Defenders of separation of church and state say that the high court's 6-3 decision in Santa Fe Independent School District v. Doe should slam the door on efforts to sneak coercive prayer and religious worship into public schools through the backdoor. But it could also make religion-and-schools an issue in the November elections and re-ignite the Religious Right's drive for a constitutional amendment erasing church-state separation from the First Amendment.
Writing for the majority, Justice John Paul Stevens declared that a scheme enacted by the Santa Fe school board in October 1995 to allow students to elect a classmate to deliver an invocation or other message prior to football games was constitutionally invalid.
"Such a system," insisted Stevens, "encourages divisiveness along religious lines and threatens the imposition of coercion upon those students not desiring to participate in a religious exercise."
Stevens asserted that the policy had a clear religious purpose.

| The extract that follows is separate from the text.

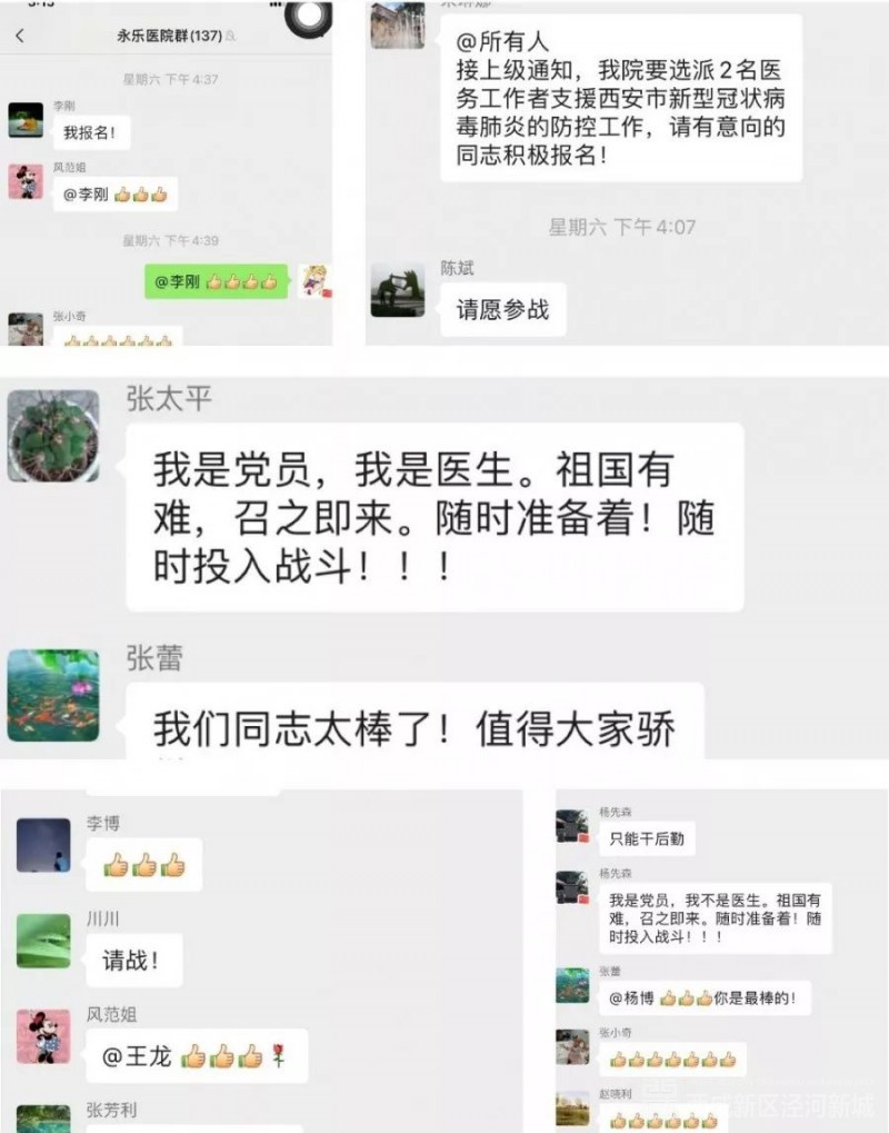 同样报名参与志愿支援防控疫情一线工作的崇文镇卫生院的李欣,没有告诉家人,他“丢下”了仅仅6个月的孩子,毅然报名。他表示,“作为一名医生,遇上这种情况,是义不容辞的,风险会有,但是我会在工作中保护好自己,才能更好的服务他人,才能更好的与大家一起防控疫情。”
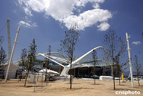 當(dāng)?shù)貢r(shí)間8月2日中午,驕陽(yáng)曝曬幾乎無(wú)遮無(wú)掩、基本完工的希臘雅典奧運(yùn)會(huì)主會(huì)場(chǎng)。由于時(shí)間緊迫和經(jīng)費(fèi)緊張,這所頗為新穎的建筑周邊基本沒(méi)有綠化。中新社記者:任晨鳴

District officials, he noted, had tried various dodges to keep official prayer in district schools. The court majority saw the current policy as a ruse for school sponsorship of religion, noting that the "messages" given were always prayers and that the students giving them in past years were formerly called "student chaplains."
Observed Stevens, "The District, nevertheless, asks us to pretend that we do not recognize what every Santa Fe High School student understands clearly-that this policy is about prayer...We refuse to turn a blind eye to the context in which this policy arose, and that context quells any doubt that this policy was implemented with the purpose of endorsing school prayer."
The justice dismissed the claim that the invocations are student free speech, not government establishment of religion. "These invocations," he argued, "are authorized by a government policy and take place on government property at government-sponsored school-related events."
Ironically, it was the district's transparent ploy to make the prayers appear to be "student led" that finally sank the policy. At oral argument March 19, two justices who are regarded as swing voters on church-state matters-Anthony M. Kennedy and Sandra Day O'Connor-indicated clear discomfort with the idea of students voting on religion.
Stevens echoed that concern, charging that "the majoritarian process implemented by the District guarantees, by definition, that minority candidates will never prevail and that their views will be effectively silenced."
Stevens also criticized the set-up for its cavalier treatment of religious minorities.
"School sponsorship of a religious message is impermissible," he observed, "because it sends the ancillary message to members of the audience who are nonadherents `that they are outsiders, not full members of the political community, and an accompanying message to adherents that they are insiders, favored members of the political community."'
Joining Stevens in the opinion were Kennedy and O'Connor along with Justices Ruth Bader Ginsburg, David Souter and Stephen Breyer.
The majority opinion drew an angry dissent from the court's anti-separationist bloc. Chief Justice William H. Rehnquist blasted the decision, insisting that it "bristles with hostility to all things religious in public life."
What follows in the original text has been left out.